## [What needs to be done]
For this exercise, reproduce the entries below exactly, but only from the line containing "Atutem nieruchomości jest" through the line containing "Whether you're hosting", both included.

##### Information

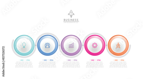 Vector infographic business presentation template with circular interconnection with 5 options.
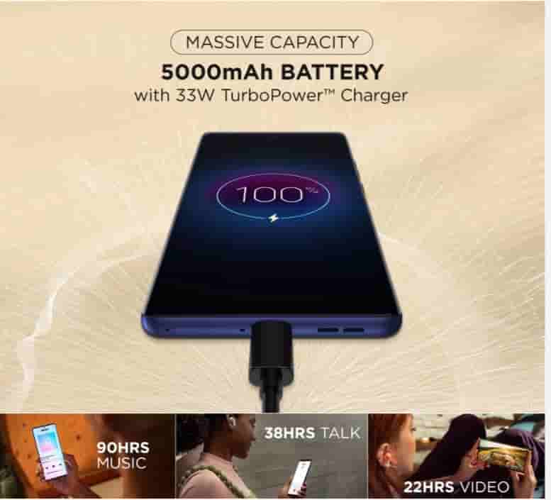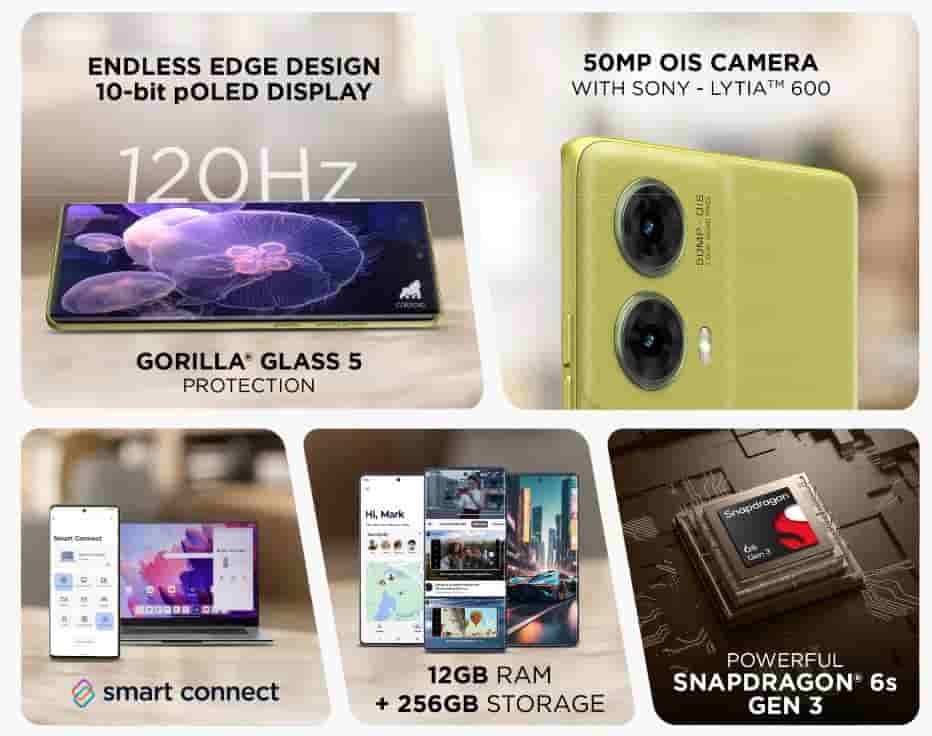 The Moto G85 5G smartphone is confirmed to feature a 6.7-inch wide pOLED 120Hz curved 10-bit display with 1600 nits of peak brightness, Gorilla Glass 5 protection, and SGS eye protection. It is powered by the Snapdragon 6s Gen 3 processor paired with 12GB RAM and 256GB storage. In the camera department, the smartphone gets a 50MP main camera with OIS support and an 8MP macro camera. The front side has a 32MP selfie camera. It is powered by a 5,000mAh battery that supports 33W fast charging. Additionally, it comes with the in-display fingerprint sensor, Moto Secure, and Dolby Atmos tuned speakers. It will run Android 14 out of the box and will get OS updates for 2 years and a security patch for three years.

##########
##### Information

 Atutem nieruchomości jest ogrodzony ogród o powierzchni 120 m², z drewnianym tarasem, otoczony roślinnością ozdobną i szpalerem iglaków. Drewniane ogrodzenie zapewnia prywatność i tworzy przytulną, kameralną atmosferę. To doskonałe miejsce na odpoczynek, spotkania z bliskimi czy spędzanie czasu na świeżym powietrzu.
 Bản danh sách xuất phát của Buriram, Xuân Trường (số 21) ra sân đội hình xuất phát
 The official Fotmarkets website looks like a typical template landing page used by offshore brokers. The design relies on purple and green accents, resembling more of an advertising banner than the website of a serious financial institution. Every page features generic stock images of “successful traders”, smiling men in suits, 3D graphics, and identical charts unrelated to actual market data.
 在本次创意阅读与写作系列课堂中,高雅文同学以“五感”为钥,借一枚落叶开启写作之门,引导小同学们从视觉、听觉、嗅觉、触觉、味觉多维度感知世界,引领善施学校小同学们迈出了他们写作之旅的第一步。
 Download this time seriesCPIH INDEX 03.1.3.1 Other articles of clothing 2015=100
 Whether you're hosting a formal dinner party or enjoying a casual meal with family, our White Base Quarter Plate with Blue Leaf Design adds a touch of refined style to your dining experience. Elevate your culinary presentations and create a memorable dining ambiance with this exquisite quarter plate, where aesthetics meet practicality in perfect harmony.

##########
##### Information

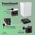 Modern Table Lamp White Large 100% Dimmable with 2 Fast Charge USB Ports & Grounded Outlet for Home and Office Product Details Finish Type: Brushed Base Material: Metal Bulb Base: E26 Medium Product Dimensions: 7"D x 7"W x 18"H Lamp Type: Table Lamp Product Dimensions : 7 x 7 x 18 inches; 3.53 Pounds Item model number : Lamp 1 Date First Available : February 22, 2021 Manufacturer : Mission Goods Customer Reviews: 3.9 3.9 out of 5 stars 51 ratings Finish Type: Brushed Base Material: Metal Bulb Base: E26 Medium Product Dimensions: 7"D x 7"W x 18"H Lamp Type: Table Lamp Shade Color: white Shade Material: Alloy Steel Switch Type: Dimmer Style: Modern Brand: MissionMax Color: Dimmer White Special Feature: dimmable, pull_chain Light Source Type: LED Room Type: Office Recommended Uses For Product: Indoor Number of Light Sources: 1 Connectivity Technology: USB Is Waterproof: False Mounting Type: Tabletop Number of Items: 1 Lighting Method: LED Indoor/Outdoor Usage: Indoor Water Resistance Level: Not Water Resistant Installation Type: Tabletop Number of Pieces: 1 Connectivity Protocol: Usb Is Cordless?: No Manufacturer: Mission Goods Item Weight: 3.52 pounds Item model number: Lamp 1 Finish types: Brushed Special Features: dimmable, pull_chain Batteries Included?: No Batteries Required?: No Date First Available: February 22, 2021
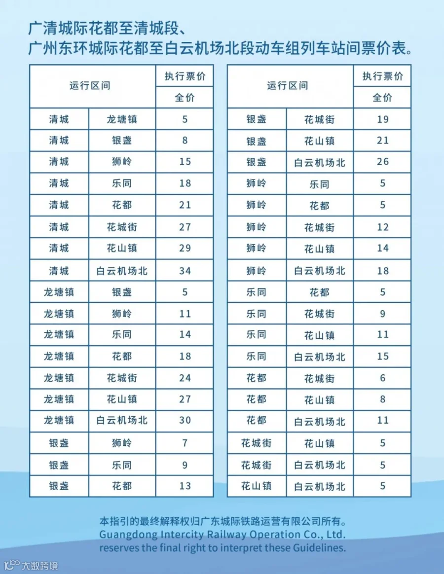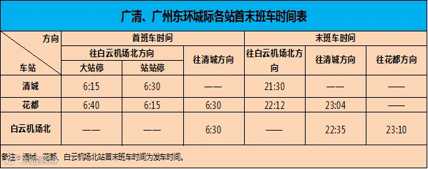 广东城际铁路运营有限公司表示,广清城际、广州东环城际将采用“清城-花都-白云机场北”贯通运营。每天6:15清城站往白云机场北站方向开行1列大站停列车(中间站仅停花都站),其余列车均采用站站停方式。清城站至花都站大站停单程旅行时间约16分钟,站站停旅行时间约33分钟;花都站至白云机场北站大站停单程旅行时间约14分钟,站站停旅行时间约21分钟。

##########

## [Task output]
 Atutem nieruchomości jest ogrodzony ogród o powierzchni 120 m², z drewnianym tarasem, otoczony roślinnością ozdobną i szpalerem iglaków. Drewniane ogrodzenie zapewnia prywatność i tworzy przytulną, kameralną atmosferę. To doskonałe miejsce na odpoczynek, spotkania z bliskimi czy spędzanie czasu na świeżym powietrzu.
 Bản danh sách xuất phát của Buriram, Xuân Trường (số 21) ra sân đội hình xuất phát
 The official Fotmarkets website looks like a typical template landing page used by offshore brokers. The design relies on purple and green accents, resembling more of an advertising banner than the website of a serious financial institution. Every page features generic stock images of “successful traders”, smiling men in suits, 3D graphics, and identical charts unrelated to actual market data.
 在本次创意阅读与写作系列课堂中,高雅文同学以“五感”为钥,借一枚落叶开启写作之门,引导小同学们从视觉、听觉、嗅觉、触觉、味觉多维度感知世界,引领善施学校小同学们迈出了他们写作之旅的第一步。
 Download this time seriesCPIH INDEX 03.1.3.1 Other articles of clothing 2015=100
 Whether you're hosting a formal dinner party or enjoying a casual meal with family, our White Base Quarter Plate with Blue Leaf Design adds a touch of refined style to your dining experience. Elevate your culinary presentations and create a memorable dining ambiance with this exquisite quarter plate, where aesthetics meet practicality in perfect harmony.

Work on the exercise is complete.